将棋や囲碁のプロがAIに惨敗するのを快く思わない人は多いと思います(7,8割はそうかも)。

 

しかし、これを科学の偉大な進歩の表れとしてみればどうでしょう。

 

AIが進歩すればどんな恩恵があるかを見てみましょう。

 

・火星など惑星探査の能力が飛躍的に上がる。人間がわざわざ危険な宇宙旅行をしなくても同等の調査結果を得られる。

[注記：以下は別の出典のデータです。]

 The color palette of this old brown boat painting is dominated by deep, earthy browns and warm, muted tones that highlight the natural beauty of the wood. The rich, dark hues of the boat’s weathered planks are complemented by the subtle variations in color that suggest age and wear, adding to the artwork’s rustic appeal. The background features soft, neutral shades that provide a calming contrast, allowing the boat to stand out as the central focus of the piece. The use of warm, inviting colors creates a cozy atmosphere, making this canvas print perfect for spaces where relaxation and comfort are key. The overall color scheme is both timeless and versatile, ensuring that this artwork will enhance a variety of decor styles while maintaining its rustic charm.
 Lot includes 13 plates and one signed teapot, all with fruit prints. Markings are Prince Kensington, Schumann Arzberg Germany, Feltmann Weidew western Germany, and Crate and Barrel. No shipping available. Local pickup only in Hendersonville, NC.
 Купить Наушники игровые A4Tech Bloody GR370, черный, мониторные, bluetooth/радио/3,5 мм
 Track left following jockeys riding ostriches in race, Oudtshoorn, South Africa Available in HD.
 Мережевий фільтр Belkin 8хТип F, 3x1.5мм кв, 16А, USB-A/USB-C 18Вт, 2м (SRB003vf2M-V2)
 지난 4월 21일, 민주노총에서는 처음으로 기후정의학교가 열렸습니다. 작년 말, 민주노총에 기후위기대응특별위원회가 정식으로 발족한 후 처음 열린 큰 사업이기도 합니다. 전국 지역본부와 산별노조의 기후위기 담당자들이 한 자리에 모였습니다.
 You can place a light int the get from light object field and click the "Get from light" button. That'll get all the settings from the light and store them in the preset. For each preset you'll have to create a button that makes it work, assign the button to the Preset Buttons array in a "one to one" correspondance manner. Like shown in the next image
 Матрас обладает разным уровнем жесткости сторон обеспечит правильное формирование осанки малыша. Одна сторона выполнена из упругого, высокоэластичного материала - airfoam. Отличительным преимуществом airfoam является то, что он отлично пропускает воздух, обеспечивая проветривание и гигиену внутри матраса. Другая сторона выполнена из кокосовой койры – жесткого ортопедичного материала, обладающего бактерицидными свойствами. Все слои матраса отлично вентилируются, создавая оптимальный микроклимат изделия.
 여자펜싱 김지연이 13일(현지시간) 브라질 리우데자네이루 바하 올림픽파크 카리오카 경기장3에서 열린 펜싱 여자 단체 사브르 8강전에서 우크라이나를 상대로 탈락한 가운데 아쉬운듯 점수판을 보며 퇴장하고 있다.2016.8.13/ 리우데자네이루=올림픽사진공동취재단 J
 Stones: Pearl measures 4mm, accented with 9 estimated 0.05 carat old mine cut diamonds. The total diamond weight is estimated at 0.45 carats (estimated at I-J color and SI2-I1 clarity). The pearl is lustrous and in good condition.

・ガンなどの不治の病治療法を臨床・基礎研究両面でAIが解決できるようになる。

・バイオテクノロジーのブレイクスルーによるエネルギー・食糧問題の解決

・人間の代わりにAIロボットが労働をしてくれるようになれば、失業問題の解決どころか、人間は原罪とも呼ぶべき労働から解放される。

 

人間能力を上回るAIの出現とは、つまりアインシュタインレベルまたはそれ以上の科学者がいくらでも量産できる状態になるのと同じなのです。

 

さらにAIは人間のように疲れたり、睡眠をとる必要がありません。

だから365日24時間休みなく研究活動ができるようになります。

 

あらゆる科学の分野でブレイクスルーが起きて、人類が異次元のレベルに達するとしたら、これほど素晴らしいことはないと思います。

 

そうなってしまえば、仕事やお金の問題なんて実にちっぽけなことではないでしょうか。

 

私自身はシンギュラリティがもたらす未来を知ってからは、むしろそんな社会が早く来るように、自分自身が参加者になりたいと思うようになりました。

 

AI研究を応援するというのは、具体的には下記のようなことを実践することだと考えています。

 

・AIについてもっと深く勉強して詳しくなる

・自分の身の回りの人に、AIの素晴らしさを広める。

・最先端のAIを使った製品をできるだけ購入する

・AIについてネガティブな見方はやめる。極力ポジティブに

 

特に最後のネガティブな見方をやめるというのは重要です。

過去のAIブームの時も、AIに対してネガティブな捉え方をする学者が増えたせいで、ブームが収束してしまった歴史があるからです。

 

 

「そんな何十年の先の理想よりも今日明日の食い扶持のほうが大事。AIなんか法律で規制すべき」

 

という意見も理解できるところはありますが

 

こういう人たちが抵抗勢力となって、さまざまな科学の進歩を妨げている側面を重視する必要があると思います。

 

このような人たちを、カーツワイルはラッダイト (技術革新反対主義者)と呼んでいます。

 

2045年どころか2030年代にシンギュラリティが到来する可能性だってあるそうですよ。

 

そこまでAIによる職業淘汰から生き残るためには、

 

・常に脳内の情報をアップデートして、時代遅れの仕事をしないこと。

・もし、そんな職業についていたなら、転職を視野に入れる。

・自分のやっている仕事内容でコンピュータに代用できるものはないのか、もしそれがあるなら、積極的にPCデバイスを購入して、使いこなせるように勉強する。

・自分の収入を一つだけの仕事に頼らない(副業・投資)

 

といった対策をおススメしたいと思います。